After the swim we showered and ran out to buy a battery for my Cat Eye computer on my bike. We also had lunch and then headed back to the Ironman village for shopping and to meet up with Jon and Jill who had arrived from Colorado. They did some shopping too and then we all headed to Iron Prayer.
Iron Prayer is held at most Ironman events and it’s a great time to hear some inspirational stories from Christian triathletes and have a prayer time. All of the speakers were wonderful. They included last year’s Ironman champion Heather Gollnick who reminded us that we do this for God’s glory, the president of Fellowship of Christian Athletes Endurance and a super Ironman athlete and coach from Phoenix. But I think I was most inspired by the young man who didn’t let losing use of his arm stop him. He’s an Ironman who swims with one arm, but I’m sure he’d beat me with my two arms. Although he’s done many Ironman events, his next adventure is the Ultra Man. I can’t even wrap my brain around that one.
After Iron Prayer, we headed to the banquet and mandatory athlete meeting. We saw some of our Woodlands triathletes there. We did some carbo loading and watched some cool videos and listened to some speakers including of course, Mike Reilly, “the voice of Ironman”. Bill and I were excited to also hear Frank Farrar get up and speak some. He’s someone we’ve been wanting to meet face to face for more than a year. He phoned in January of 2007 and told me he’d read an article I’d written in a magazine. He told me he was a lymphoma survivor who’d done 25 Ironmans. By the time I hung up with him, all I knew was that he was a banker and lawyer from South Dakota who owned four planes and usually flew himself to Ironman events. Later I “googled” him to discover he was also the former governor of South Dakota. Since then, Bill has kept in contact with him through phone and email. Finally tonight we got to meet him and his sweet wife. Frank will do Ironman with us on Sunday. He’s 79 years old and filled with energy and he’s one of the most delightful people you’ll ever meet.
Saturday, April 12
This day was tough. I was so sleepy all day and terribly emotional. It started with a phone call from the kids. They were doing well, but Dylan started crying because he missed us so much. Then Morgan started. It made getting through the day hard for me, being Ironmom first and Ironman second.

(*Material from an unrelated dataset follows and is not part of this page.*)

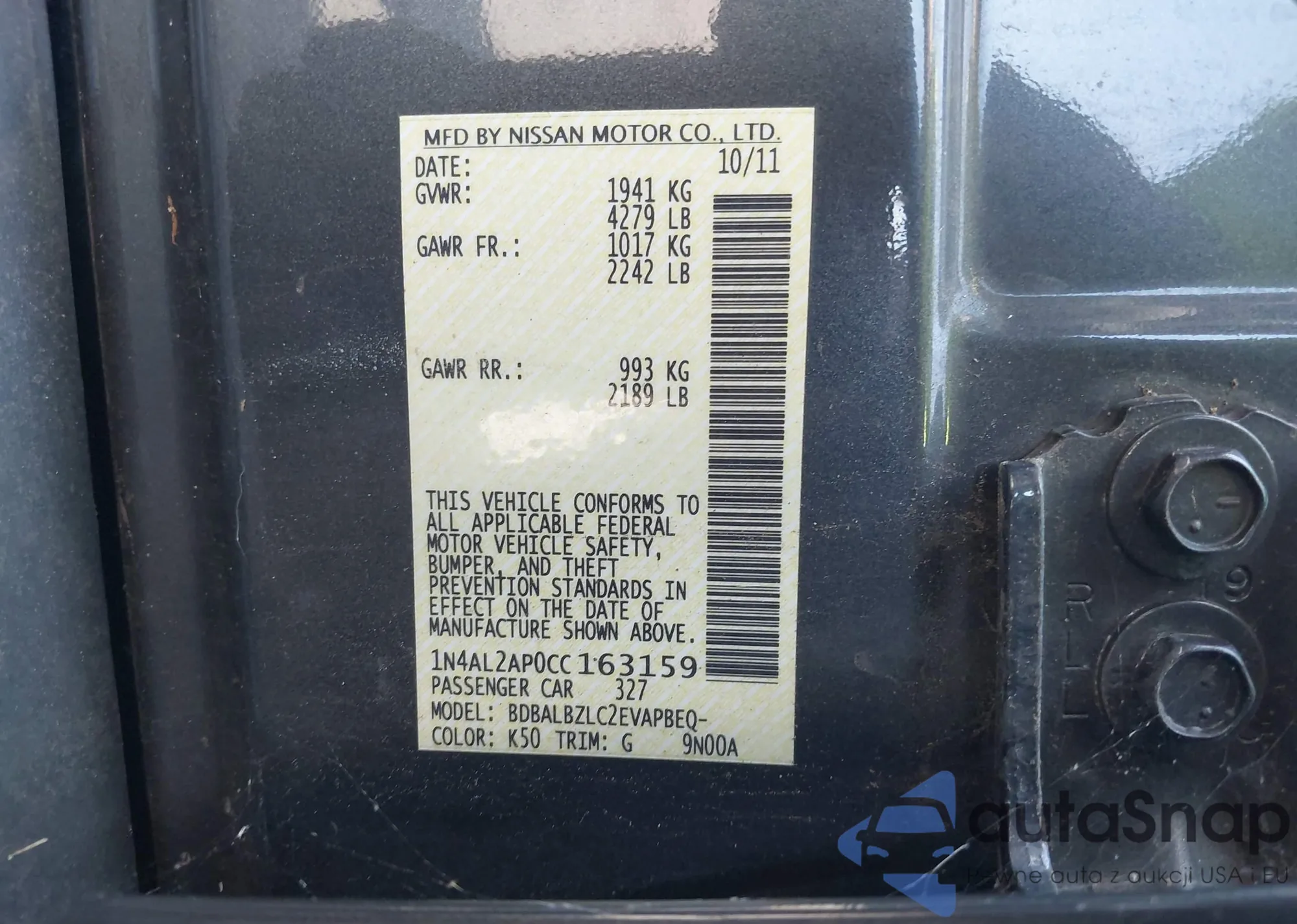 VIN: 1N4AL2AP0CC163159

We ate breakfast before heading to transition with our bikes and bags. The only bags we turned in this morning were swim to bike and bike to run. Then we turned in our bikes. Once everyone had done that by 3:00 p.m., it was amazing seeing millions of dollars worth of bikes in transition.
Bill and I ate some really good pasta early afternoon and a small supper later. We went to bed early with great anticipation about tomorrow.
Race Report
2008 Ford Ironman Arizona
Tempe, Arizona
Sunday, April 13, 2008
THE ARRIVAL:
The alarm sounded at 4 a.m. and we had some coffee. Slowly we dressed in our tri suits before heading down for a yogurt and bagel. Ironman hopefuls filled the breakfast area in the hotel, nervous and excited for the long day ahead. Bill and I went back to our room and grabbed our special needs bags, morning dry clothes bag and wetsuits. We prayed for the day and got in the car, driving through the dark morning, arriving at the parking garage by 5:00 a.m. What a busy place it was as thousands of athletes and their very dedicated families and friends walked down to the Ironman village.
First stop for us was special needs bags located about 300 yards from transition. We dropped off the run special needs bag and the bike special needs bag. Then we made our way through the huge crowd to the transition bags to drop a couple more items in them. Next, we went to our bikes. That’s where we separated for a while. Bill’s bike was on the opposite end of mine. My bike was in row 27 where I quickly met several women and enjoyed a few moments of talking and laughing. I helped one lady pump her tires. She had borrowed Zipp tires and was struggling with the pump. Together we wore ourselves out, but got the air in. That was my warm up for the day! Next I pumped my tires, then got body-marked.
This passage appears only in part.